God speaks to man through the visible creation. The material cosmos is so presented to man’s intelligence that he can read there traces of its Creator. Light and darkness, wind and fire, water and earth, the tree and its fruit speak of God and symbolize both his greatness and his nearness. (CCC 1147).
St. Paul told us that we “walk by faith not by sight,” yet it is through the sight of the Lord, God, that we find his presence. (2 Cor 5: 7).
The sacred image, the liturgical icon, principally represents Christ. It cannot represent the invisible and incomprehensible God, but the Incarnation of the Son of God has ushered in a new “economy” of images. (CCC 1159). Previously God, who has neither a body nor a face, absolutely could not be represented by an image. But now that he has made himself visible in the flesh and has lived with men, I can make an image of what I have seen of God…and contemplate the glory of the Lord, his face unveiled. (St John Damascene).
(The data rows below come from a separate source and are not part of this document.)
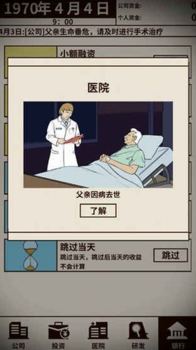 说实话,这个游戏难度挺高的。很多时候,你经常会因为生意不顺、资金不足,导致缺少医疗费,最终造成父亲死亡。所以,我们不能盲目地扩张事业,需要谨慎些,时刻保持手头有充足的资金。
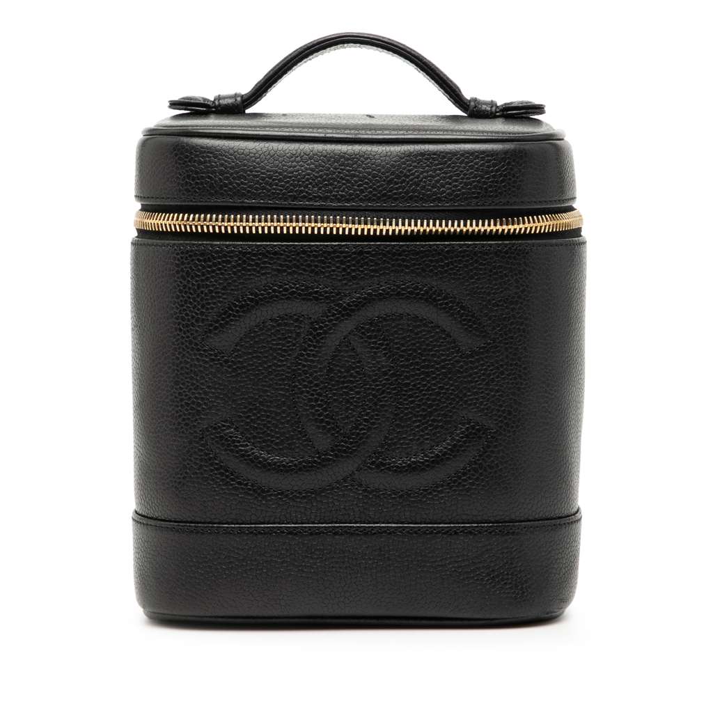 This vanity bag features a caviar leather body, a flat leather top handle, a zip-around closure, and an interior slip pocket.
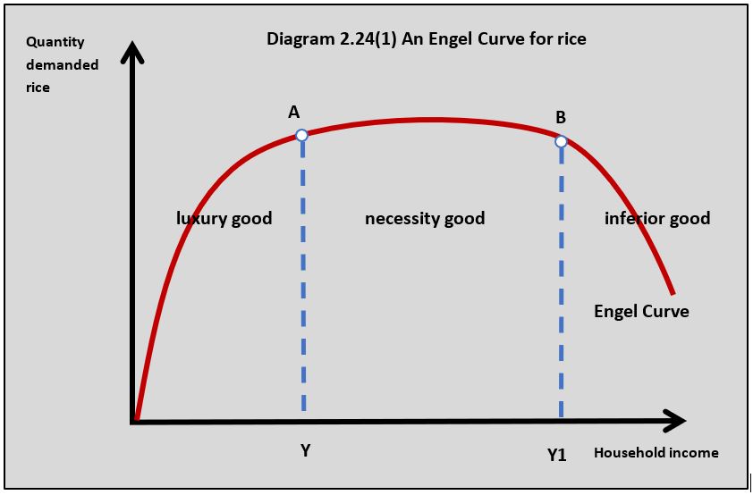 The nineteenth-century German economist, Ernst Engel studied how the demand for different goods and services changed with income over time. The Engel Curve relationship between income and demand is shown in diagram 2.24(1). In this example, the diagram shows how the demand for rice changes with income over time.
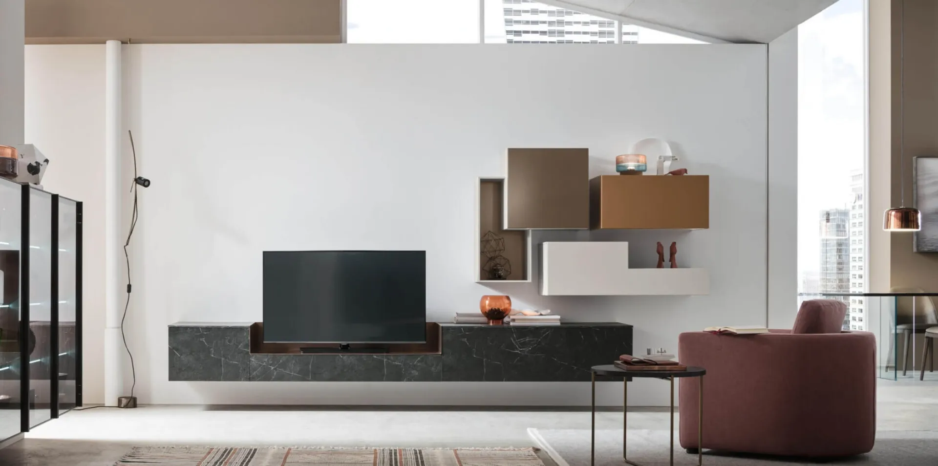 Se vuoi ultimare un living dinamico e operativo dalle linee moderne, ti offriamo la parete attrezzata Seta Comp SU2201 Maronese.

Blindness does not always indicate the inability to see through normal retinas and other crucial organs that relate to the brain’s opportunity to register any item that passes by us. It can become the most crucial aspect of understanding what just appeared in our vision of faith. Here is what can cripple our spiritual connection with the very essence of God’s grace to save our belief in the Passion of his Son, Jesus Christ.
There is always an absence of finding and absorbing the gift of what we hold as truth when it comes to understanding what faith really is. Unfortunately, life doesn’t give us an opportunity to make a choice when more than one event is present at the same time and the wrong decision can take us down; sometimes without ever finding the most crucial truth in our spiritual journey.
The Church remains faithful to the interpretation of "all the Scriptures” that Jesus gave both before and after his Passover: “Was it not necessary that the Christ should suffer these things and enter his glory?” Jesus’ sufferings took their historical, concrete form from the fact that he was “rejected by the elders and the chief priests and the scribes,” who handed “him to the Gentiles to be mocked and scourged and crucified.” (CCC 572)
Faith can therefore try to examine the circumstances of Jesus' death, faithfully handed on by the Gospels and illuminated by other historical sources, the better to understand the meaning of the Redemption. (CCC 573).
Let us become informed with the truth that what we see through the eyes of faith is the grace with which our spiritual blindness is quickly removed and the sight we behold is God’s grace.